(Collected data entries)
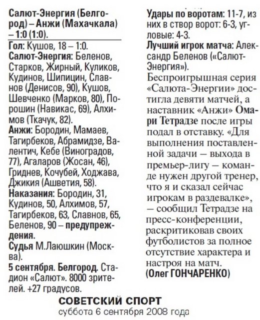 Игры "Анжи" 5 сентября 2007г. СКА-"Энергия" (Хабаровск) - "Анжи" (Махачкала) 1:0 Скрытый текст
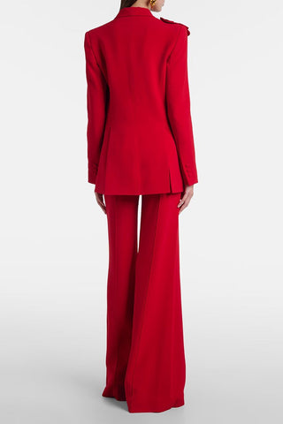 Floral Detail Tailored Suit Set – Structured Blazer & Wide Leg Pants
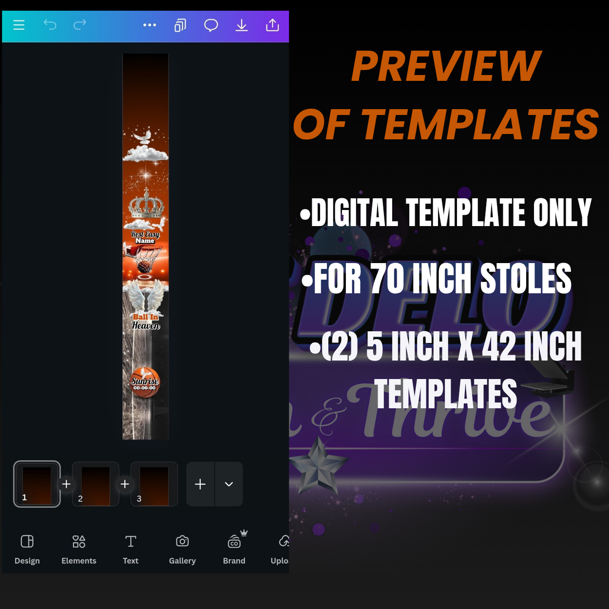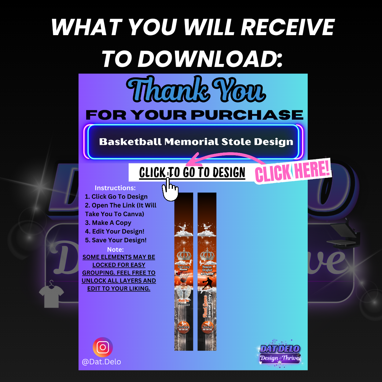 Editable Basketball Memorial Stole Design & Supply List (CanvaPro)
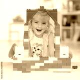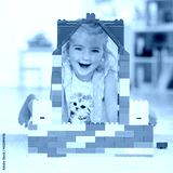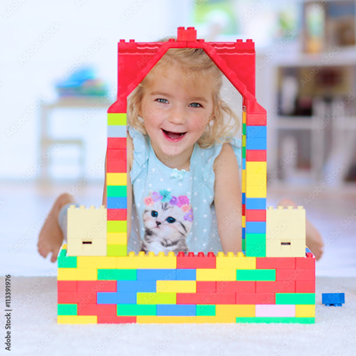 Little preschooler girl building house from plastic blocks. Lovely laughing child, blonde girl of preschool age playing with colorful bricks sitting on carpet in a sunny room at home or kindergarten
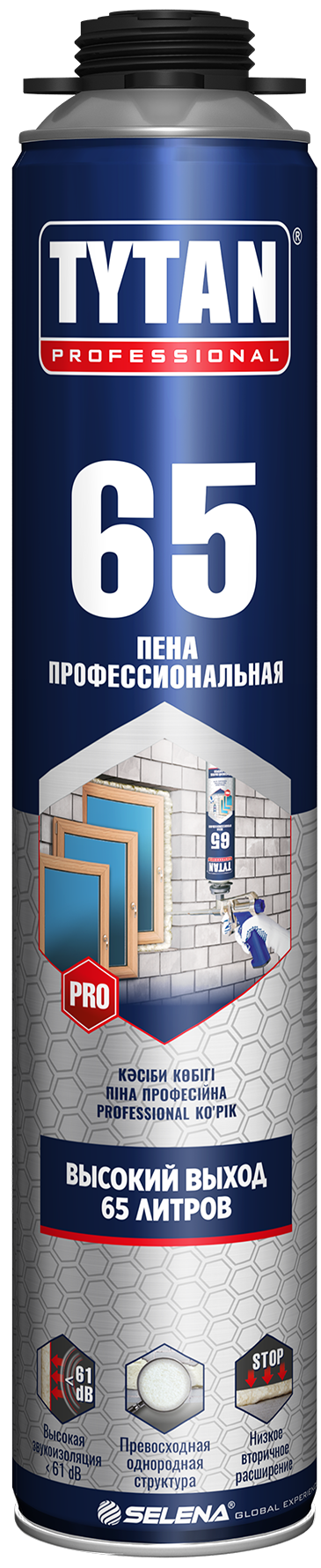 Пена профессиональная TYTAN 65 - готовая к применению однокомпонентная полиуретановая пена, застывающая под воздействием влаги воздуха, специально рекомендована для широкого спектра применений в области профессионального монтажа, герметизации и изоляции в строительстве. Изготовленная по инновационной рецептуре, пена быстро застывает и имеет однородную мелкоячеистую структуру на срезе.

» TASK BRIEF:
Leave the pictures out and write out every entry exactly as given.

» ANSWER:
 Игры "Анжи" 5 сентября 2007г. СКА-"Энергия" (Хабаровск) - "Анжи" (Махачкала) 1:0 Скрытый текст
 Floral Detail Tailored Suit Set – Structured Blazer & Wide Leg Pants
 Editable Basketball Memorial Stole Design & Supply List (CanvaPro)
 Little preschooler girl building house from plastic blocks. Lovely laughing child, blonde girl of preschool age playing with colorful bricks sitting on carpet in a sunny room at home or kindergarten
 Пена профессиональная TYTAN 65 - готовая к применению однокомпонентная полиуретановая пена, застывающая под воздействием влаги воздуха, специально рекомендована для широкого спектра применений в области профессионального монтажа, герметизации и изоляции в строительстве. Изготовленная по инновационной рецептуре, пена быстро застывает и имеет однородную мелкоячеистую структуру на срезе.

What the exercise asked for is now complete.